── Dataset excerpt

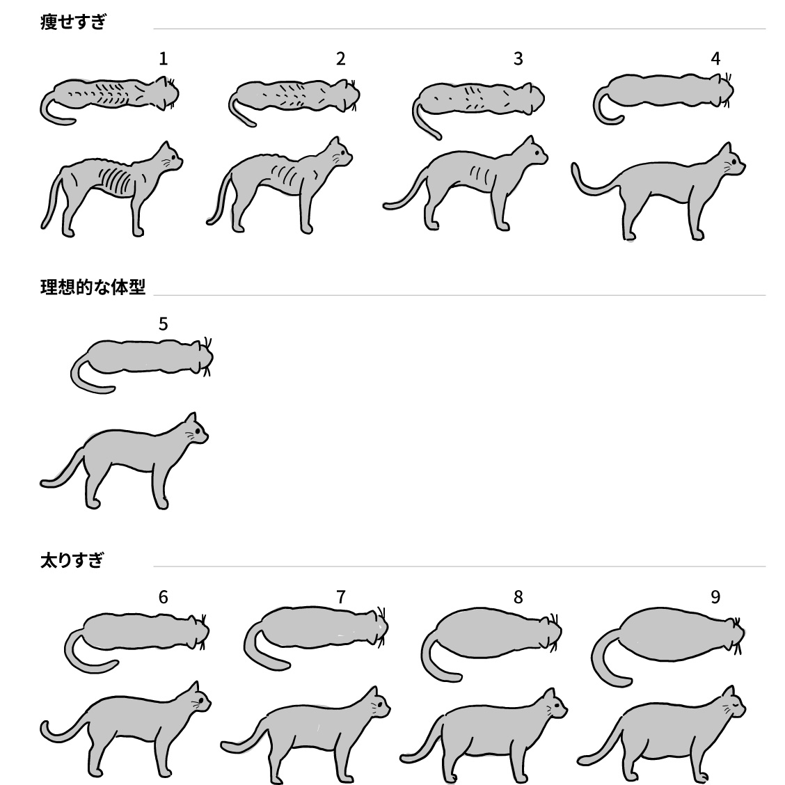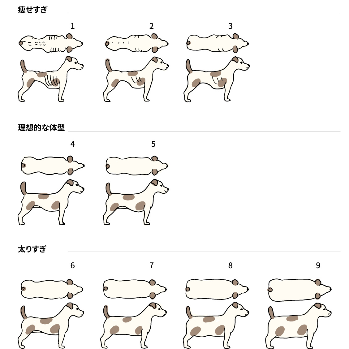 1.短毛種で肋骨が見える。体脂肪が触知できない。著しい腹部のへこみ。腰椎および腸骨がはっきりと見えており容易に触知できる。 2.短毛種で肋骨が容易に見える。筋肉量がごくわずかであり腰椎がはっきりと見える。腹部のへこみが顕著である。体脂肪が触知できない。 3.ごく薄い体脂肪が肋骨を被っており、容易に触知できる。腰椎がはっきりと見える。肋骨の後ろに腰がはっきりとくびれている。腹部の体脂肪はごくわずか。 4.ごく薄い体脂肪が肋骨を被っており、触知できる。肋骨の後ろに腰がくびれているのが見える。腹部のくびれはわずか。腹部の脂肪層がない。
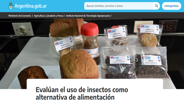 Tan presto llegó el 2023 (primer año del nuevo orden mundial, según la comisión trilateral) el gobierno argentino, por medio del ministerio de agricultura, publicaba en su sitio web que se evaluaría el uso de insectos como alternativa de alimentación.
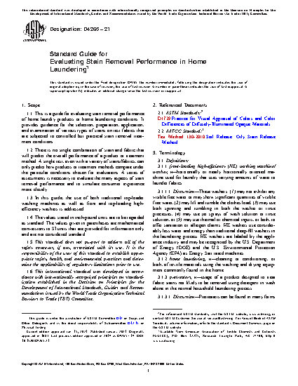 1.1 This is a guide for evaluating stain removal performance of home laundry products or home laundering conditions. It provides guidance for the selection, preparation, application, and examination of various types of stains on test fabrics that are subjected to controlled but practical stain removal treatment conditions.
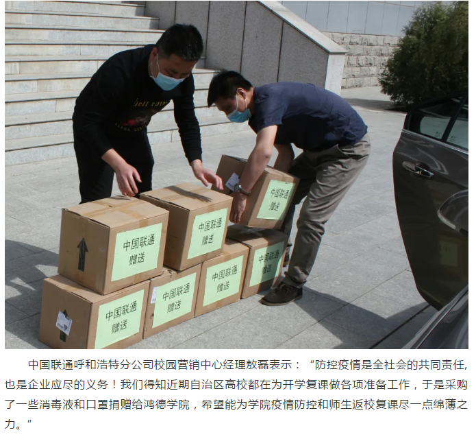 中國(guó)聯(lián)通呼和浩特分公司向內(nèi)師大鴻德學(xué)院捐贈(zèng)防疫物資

────

(Aim of the task)
Apart from the pictures, repeat the data above exactly.

(Result of the task)
 1.短毛種で肋骨が見える。体脂肪が触知できない。著しい腹部のへこみ。腰椎および腸骨がはっきりと見えており容易に触知できる。 2.短毛種で肋骨が容易に見える。筋肉量がごくわずかであり腰椎がはっきりと見える。腹部のへこみが顕著である。体脂肪が触知できない。 3.ごく薄い体脂肪が肋骨を被っており、容易に触知できる。腰椎がはっきりと見える。肋骨の後ろに腰がはっきりとくびれている。腹部の体脂肪はごくわずか。 4.ごく薄い体脂肪が肋骨を被っており、触知できる。肋骨の後ろに腰がくびれているのが見える。腹部のくびれはわずか。腹部の脂肪層がない。
 Tan presto llegó el 2023 (primer año del nuevo orden mundial, según la comisión trilateral) el gobierno argentino, por medio del ministerio de agricultura, publicaba en su sitio web que se evaluaría el uso de insectos como alternativa de alimentación.
 1.1 This is a guide for evaluating stain removal performance of home laundry products or home laundering conditions. It provides guidance for the selection, preparation, application, and examination of various types of stains on test fabrics that are subjected to controlled but practical stain removal treatment conditions.
 中國(guó)聯(lián)通呼和浩特分公司向內(nèi)師大鴻德學(xué)院捐贈(zèng)防疫物資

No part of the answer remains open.